Importantly, this model learned to deliver good and stable performance with only 270 samples for training, according to Moore. Typically, thousands or even hundreds of thousands of images were needed to train these algorithms.
"With the new processing units operating with TensorFlow, we've been getting some incredible examples of these models [achieving good and stable performance] with much smaller amounts of data," he said. "We don't know if it's generalizeable to other datasets or modalities, but we've had some encouraging use cases with even small numbers [of training samples]... with this new architecture and these new tools that are coming forward. [This] could open up some interesting possibilities for us as a field as we struggle with very, very large datasets to aggregate."
A Google spokesperson also noted that more data might allow the model to perform even better.
There are substantial opportunities for joining pathology, genotype, radiology, laboratory, and electronic health record data for machine-learning purposes, Moore said.
"The combination of these tools and parameters feeding in [to an algorithm] will ultimately produce machine learning-enabled outcomes," he said. "I think it's an incredible opportunity for us all, and we all have to pay attention not to be siloed in our particular specialty or area."
From a global perspective, medical imaging is a story of scarcity and error, Moore said.

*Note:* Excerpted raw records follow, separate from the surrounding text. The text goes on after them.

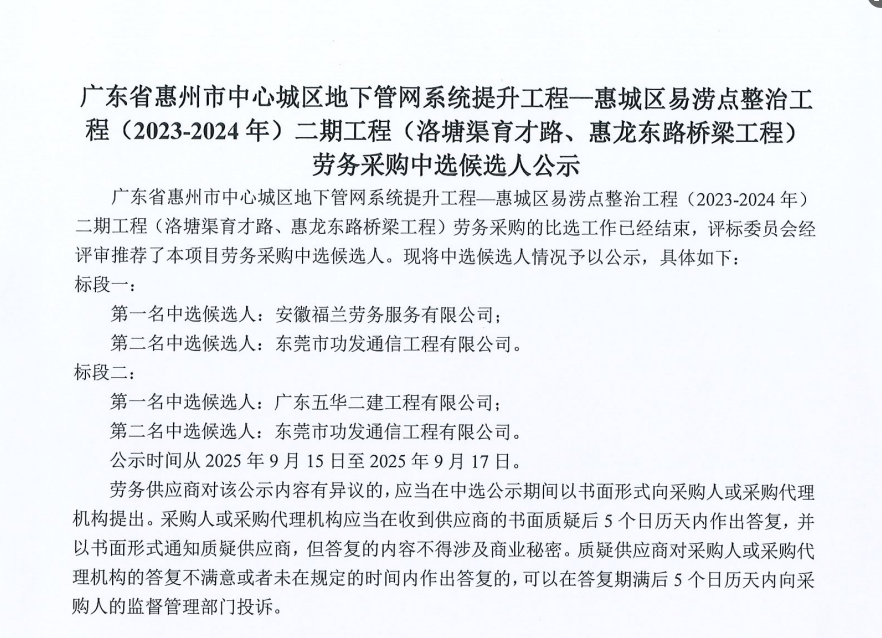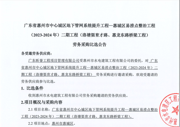 廣東省惠州市中心城區(qū)地下管網(wǎng)系統(tǒng)提升工程-內(nèi)街小巷排水管網(wǎng)病害修復(fù)及錯(cuò)混接改造項(xiàng)目一期施工勞務(wù)采購比選公告……
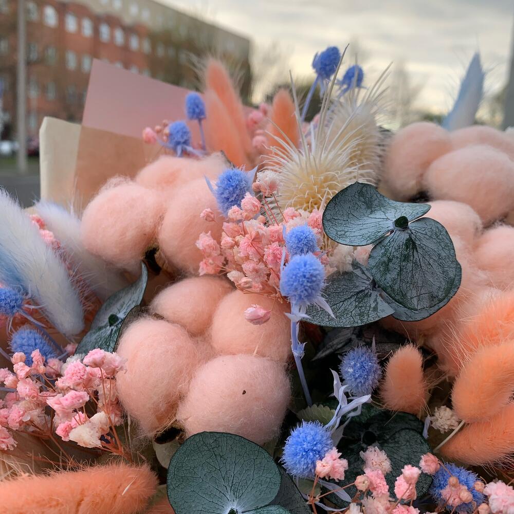 Хлопок (сухоцвет) – 5 шт.синеголовник стабилизированный – 7 шт.Эвкалипт стабилизированный – 6 шт.Гипсофила – 1 шт.Лагурус – 17 шт.эрингиум выбеленный – 2 шт.гортензия сухоцвет – 1 шт.тишью натуральная – 1 шт.Пленка матовая – 1 шт.Лента атласная – 2 шт.
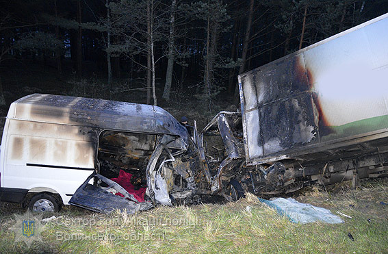 у Волинській області повідомляє, що «Ford Transit» врізався у вантажівку «Тata»,

Two-thirds of the world's population lack meaningful access to medical imaging, according to the World Health Organization. Furthermore, approximately 4 billion individuals are in radiology-scarce zones -- meaning there's an inability to acquire images and/or unavailability of a physician to interpret these studies, according to research published in a 2014 paper in the Journal of the American College of Radiology.
In addition, at least 43 million people worldwide are affected by medical errors each year, and the greatest burden is felt in low-income countries, Moore said.
"From a global perspective, it's my hope and my desire that [machine learning] will transform issues of access and quality of medical imaging," Moore said. "But it will have to be done in a very careful manner, with detailed pathology and methodology, and in our traditional processes of publishing peer-reviewed projects and expert review."
Moore said that a cloud platform will be necessary to implement this worldwide. Underserved areas could connect to the cloud platform in a number of ways, perhaps even using high-altitude balloons placed in the stratosphere to provide an aerial worldwide wireless network -- as envisioned in Google's Project Loon, he said.
"My company likes to hold us to a standard of having a billion users for any new product that we design," he said. "We have the opportunity here as a community to affect 4 billion."